We then exhibit the visualization effect of the “Students” dataset within two continuous time-step scenarios.
Figure 8a,b shows the evolution of net0 and net1 in the “Students” dataset. The results show that the community interactions vary with the two time steps’ evolution, but the overall community situation remains stable. The change in the node with a larger radial coordinate is more obvious than the node with a smaller radial coordinate, i.e., the node with a big degree does not incur a big change in the evolution, which is consistent with our basic assumption.

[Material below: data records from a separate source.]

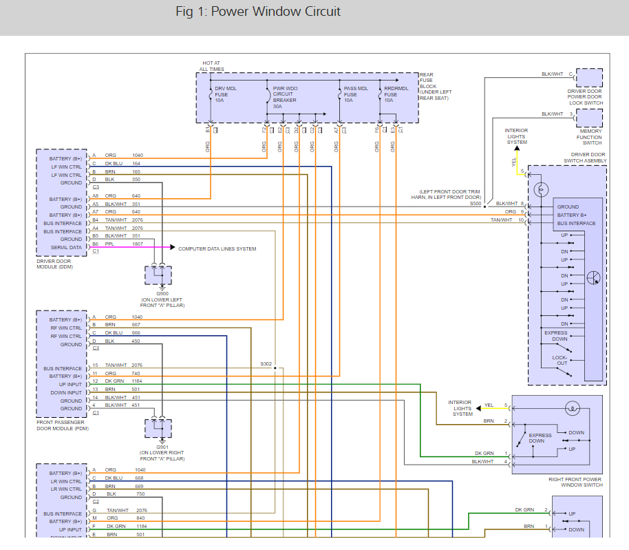 My car's door locks, power windows and courtesy lights don't work. The buttons on the door or key fob will not work. The radio stays on after you open the door also. Power mirrors do work. Checked and cleaned ground bus at the drivers kick plate. Checked wires in the door jam. All okay. Redid connection at tan and white wires under the drivers seat. What am i missing? Checked all fuses too.
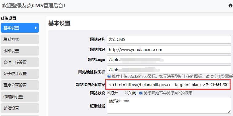 1、登錄網(wǎng)站后臺(tái),在系統(tǒng)設(shè)置——》基本設(shè)置里——》找到“網(wǎng)站ICP備案信息”,如下圖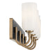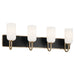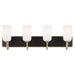 Inspired by simplicity, the Solia 4 light vanity dual-finished champagne bronze and black backplate adds visual interest. Solia's refined opal glass illuminates in modern sophistication.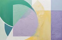 Dit abstracte ontwerp speelt met geometrische vormen en subtiele kleuren om een moderne en serene sfeer te creëren. De overlapping van halve cirkels, vierkanten en rechthoeken in verschillende tinten groen, geel, paars en wit zorgt voor een dynamisch maar toch rustgevend effect. Door het gebruik van zachte kleuren en strakke lijnen heeft het werk een minimalistische uitstraling, perfect voor moderne interieurs. De textuur van het ontwerp geeft een gevoel van diepte, waardoor het visueel interessant blijft zonder te veel af te leiden. Dit ontwerp past uitstekend in een kantoor of slaapkamer waar een gevoel van rust en balans gewenst is.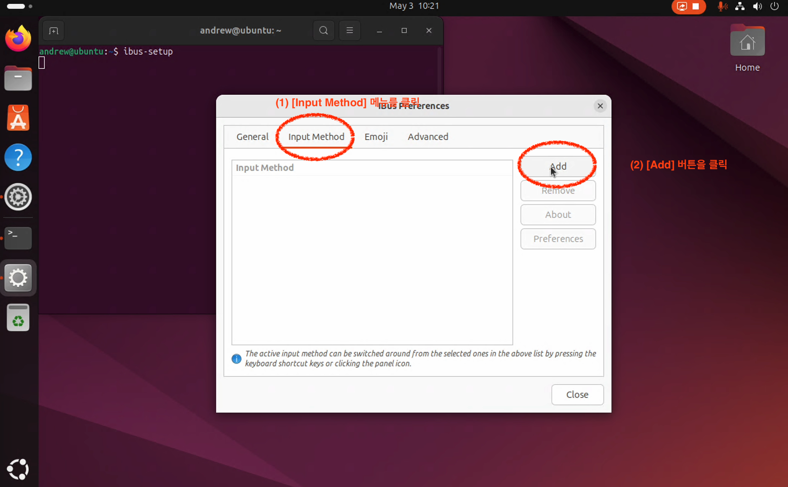 아래 화면과 같이 [ ibus-setup ] 명령을 실행하여, [ IBus Preferences ] 화면을 연다.

4.5. Important Nodes Searching for Downstream Routing
4.5.1. Settings
We performed performance evaluations within the downstream routing task on two datasets. One is the synthetic dataset nPSO-1, and the other is the realistic dataset DBLP. The other settings are the same as the previous evaluation.
4.5.2. Metrics
Traffic Load Centrality (TLC): First, we use TLC to calculate the importance of nodes for routing. It assumes each node sends a unit of some commodity (e.g., traffic) to any other node. The commodity is transferred from one node to a neighbor closest to the destination. If more than one such neighbor exists, the commodity would be equally divided among them. TLC is defined as the total amount of commodities passing through a node via these exchanges [
53]. The more the commodity passes, the more important the node is.
Hyperbolic Traffic Load Centrality (HTLC): HTLC is an approximation of TLC. It assumes each node sends a unit of some commodity to each other node, and from each node (except the destination), the commodity is equally divided to its greedy neighbors. HTLC is defined as the total amount of commodity passing through a node via these exchanges. Thus, HTLC considers greedy paths over hyperbolic coordinates instead of hop-measured shortest paths [
54].
We calculate HTLC using hyperbolic coordinates obtained from each scheme, respectively. Then, we compare the top-k nodes by HTLC with that by TLC that do not need hyperbolic coordinates. The more nodes in the intersection of top-k nodes by HTLC and, therefore, by TLC, the better the scheme is.
4.5.3. Results
The results of important node searching are shown in
Figure 9 and
Figure 10. The “prediction” means that we use HTLC to predict the top-k nodes, which is calculated by TLC. The results show that our scheme does not achieve the best result, but the difference between our scheme and the other schemes is minor. This is consistent with our target, i.e., to reduce the complexity of dynamic hyperbolic embedding while maintaining good precision for downstream tasks.